PROMPT |
Omit every picture while repeating the entries exactly.

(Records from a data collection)
BEGIN

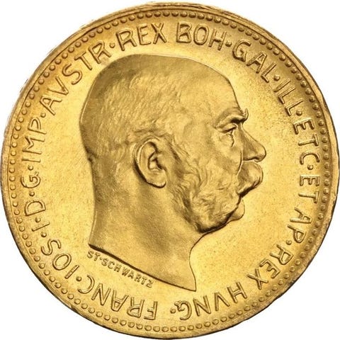 En 20 Corona guldkønt fra Østrig, år 1915, vægt 6,77 g. Klik på den blå "gå til varen" knap, for at købe eller byde på denne vare. Den samlede pris vil blive vist inden du afgiver dit bud.
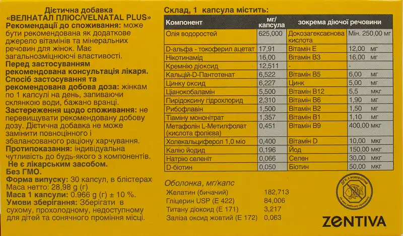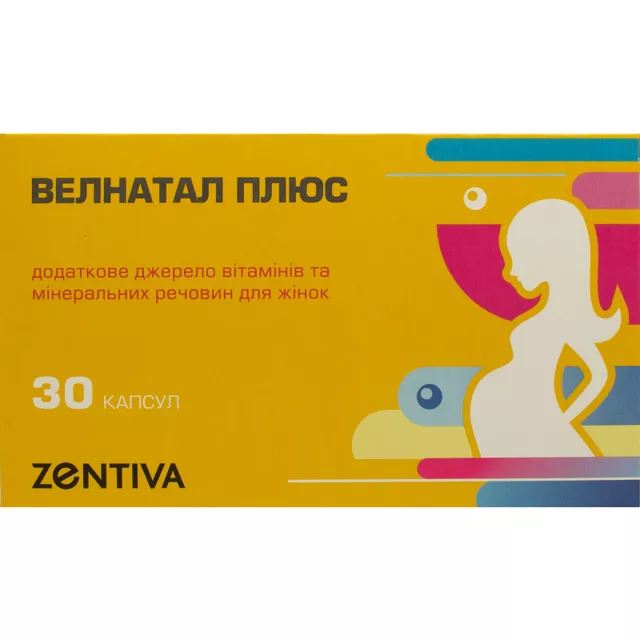 Це комплекс важливих вітамінів, мінералів та мікроелементів, підібраних спеціально відповідно до потреб жінок в період планування вагітності, а також протягом вагітності та годування груддю. Велнатал Плюс також підходить жінкам, які відчувають розумові та фізичні навантаження, стрес, при недостатньому і незбалансованому харчуванні та після перенесених захворювань.
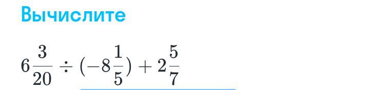 6 frac{3}{20}  div ( - 8 frac{1}{5} ) + 2  frac{5}{7}  =  frac{123}{20}  div ( -  frac{41}{5} ) +  frac{19}{7}  =  frac{123}{20}  times ( -  frac{5}{41} )  +  frac{19}{7}  =  -  frac{3}{4}  +  frac{19}{7}  = - frac{3  times 7}{4 times 7}   +  frac{19 times 4}{7 times 4}  =  frac{-21 + 76}{28}  =  frac{55}{28}  =  1 frac{27}{28}
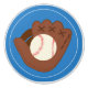 Dieser Griff für den Raum eines Jungen kennzeichnet einen braunen Baseball-Mitt, der einen Rot genähten Baseball hält. Das Bild wird auf einen blauen Hintergrund und beringt mit einer dünnen weißen Kreislinie gesetzt. Vervollkommnen Sie für jeden möglichen Jungen, der Liebebaseball!
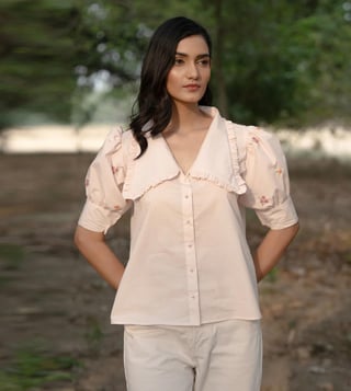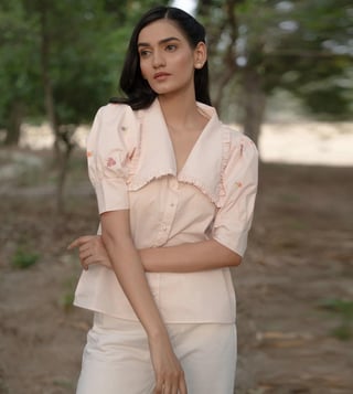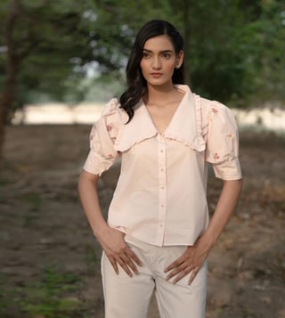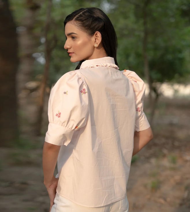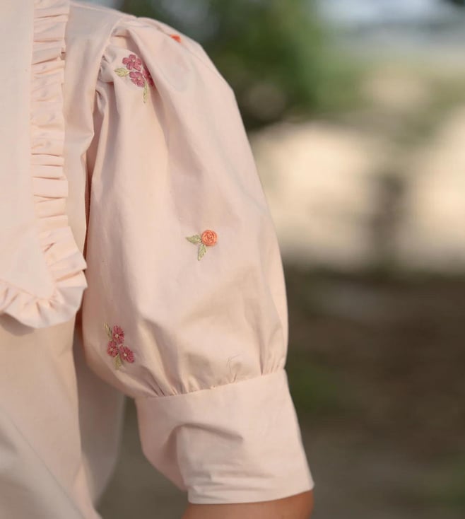 MAI India Powder Pink Cotton Relaxed Fit Hand Embroidery Shirt
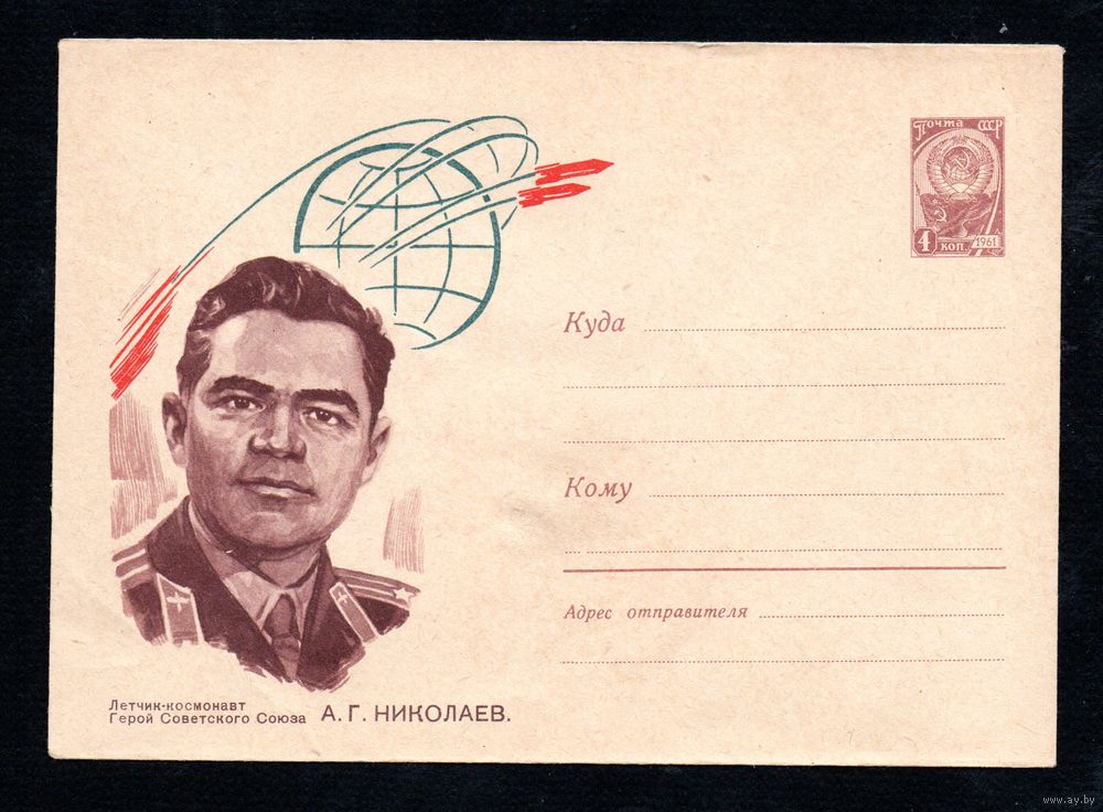 Художественный маркированный конверт СССР N 2186 (30.08.1962) Летчик-космонавт Герой Советского Союза А.Г. Николаев.
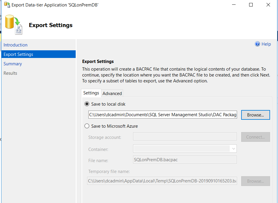 With BACPAC export and import firstly we need to export the SQL database from the on premise SQL instance as a data tier application.
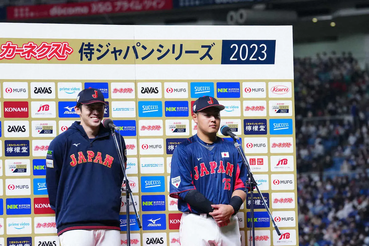 試合後のお立ち台では佐々木朗希が「師匠もたくさん打ってくれると思うので、応援よろしくお願いします」と岡本和を“師匠”呼びする一幕もあった。2月の強化合宿で村上が「初めて会った時から師匠って呼んでる」とリスペクトして呼んだことから付いた“愛称”だったが、岡本和は「アイツはなめてるんすよ」と苦笑い。「呼んでるのも朗希と宮城大弥やとムネぐらいで。なめてる3人」と話し、報道陣の笑いを誘った。
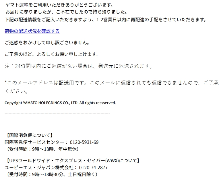 差出人: ヤマト運輸株式会社 <mail@kuronekoyamato.co.jp>
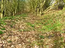The Drukken Steps therefore were stepping stones on the course of an old Road, later a Toll Road (1774), which ran from the west end of Irvine through the Eglinton policies to Kilwinning and Stevenston via Milnburn (sic) or Millburn;[11] crossing the Red burn near Knadgerhill (previously Knadgar and pronounced 'Nygerhill' as in the country.[12]) and running passed 'The Higgins' cottage, the 'Hygenhouse' of 1774,[11] now demolished. The name may be a personal name or may relate to the Scots word for a fence or hedge as the building lay close to the boundary of the estate.[13]55°37.902′N 004°39.355′W The Eglinton estate wall used to cut across the burn and join up with the perimeter wall of the cemetery. The remains of this wall can still be seen at the site of the stepping stones and it was to this wall that the original commemorative plaque had been attached. No gate or door existed here, entry being gained through a collapsed section. The nearby Knadgerhill Cemetery has one wall built from a continuation of this estate wall.
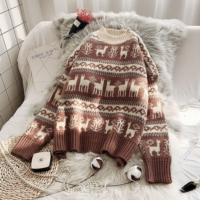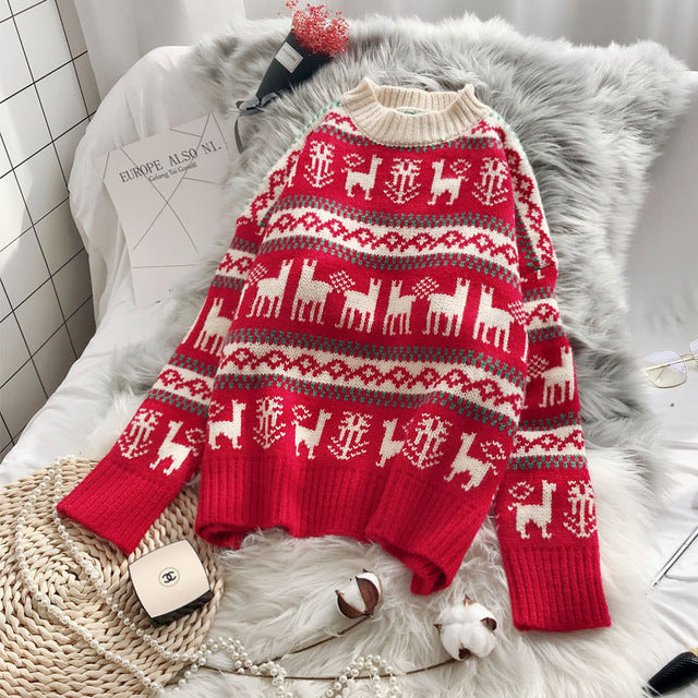 Women Knitted Christmas Sweater New Loose pullover - Beige / One Size is backordered and will ship as soon as it is back in stock.

END

RESPONSE TO THE TASK |
 En 20 Corona guldkønt fra Østrig, år 1915, vægt 6,77 g. Klik på den blå "gå til varen" knap, for at købe eller byde på denne vare. Den samlede pris vil blive vist inden du afgiver dit bud.
 Це комплекс важливих вітамінів, мінералів та мікроелементів, підібраних спеціально відповідно до потреб жінок в період планування вагітності, а також протягом вагітності та годування груддю. Велнатал Плюс також підходить жінкам, які відчувають розумові та фізичні навантаження, стрес, при недостатньому і незбалансованому харчуванні та після перенесених захворювань.
 6 frac{3}{20}  div ( - 8 frac{1}{5} ) + 2  frac{5}{7}  =  frac{123}{20}  div ( -  frac{41}{5} ) +  frac{19}{7}  =  frac{123}{20}  times ( -  frac{5}{41} )  +  frac{19}{7}  =  -  frac{3}{4}  +  frac{19}{7}  = - frac{3  times 7}{4 times 7}   +  frac{19 times 4}{7 times 4}  =  frac{-21 + 76}{28}  =  frac{55}{28}  =  1 frac{27}{28}
 Dieser Griff für den Raum eines Jungen kennzeichnet einen braunen Baseball-Mitt, der einen Rot genähten Baseball hält. Das Bild wird auf einen blauen Hintergrund und beringt mit einer dünnen weißen Kreislinie gesetzt. Vervollkommnen Sie für jeden möglichen Jungen, der Liebebaseball!
 MAI India Powder Pink Cotton Relaxed Fit Hand Embroidery Shirt
 Художественный маркированный конверт СССР N 2186 (30.08.1962) Летчик-космонавт Герой Советского Союза А.Г. Николаев.
 With BACPAC export and import firstly we need to export the SQL database from the on premise SQL instance as a data tier application.
 試合後のお立ち台では佐々木朗希が「師匠もたくさん打ってくれると思うので、応援よろしくお願いします」と岡本和を“師匠”呼びする一幕もあった。2月の強化合宿で村上が「初めて会った時から師匠って呼んでる」とリスペクトして呼んだことから付いた“愛称”だったが、岡本和は「アイツはなめてるんすよ」と苦笑い。「呼んでるのも朗希と宮城大弥やとムネぐらいで。なめてる3人」と話し、報道陣の笑いを誘った。
 差出人: ヤマト運輸株式会社 <mail@kuronekoyamato.co.jp>
The Drukken Steps therefore were stepping stones on the course of an old Road, later a Toll Road (1774), which ran from the west end of Irvine through the Eglinton policies to Kilwinning and Stevenston via Milnburn (sic) or Millburn;[11] crossing the Red burn near Knadgerhill (previously Knadgar and pronounced 'Nygerhill' as in the country.[12]) and running passed 'The Higgins' cottage, the 'Hygenhouse' of 1774,[11] now demolished. The name may be a personal name or may relate to the Scots word for a fence or hedge as the building lay close to the boundary of the estate.[13]55°37.902′N 004°39.355′W The Eglinton estate wall used to cut across the burn and join up with the perimeter wall of the cemetery. The remains of this wall can still be seen at the site of the stepping stones and it was to this wall that the original commemorative plaque had been attached. No gate or door existed here, entry being gained through a collapsed section. The nearby Knadgerhill Cemetery has one wall built from a continuation of this estate wall.
 Women Knitted Christmas Sweater New Loose pullover - Beige / One Size is backordered and will ship as soon as it is back in stock.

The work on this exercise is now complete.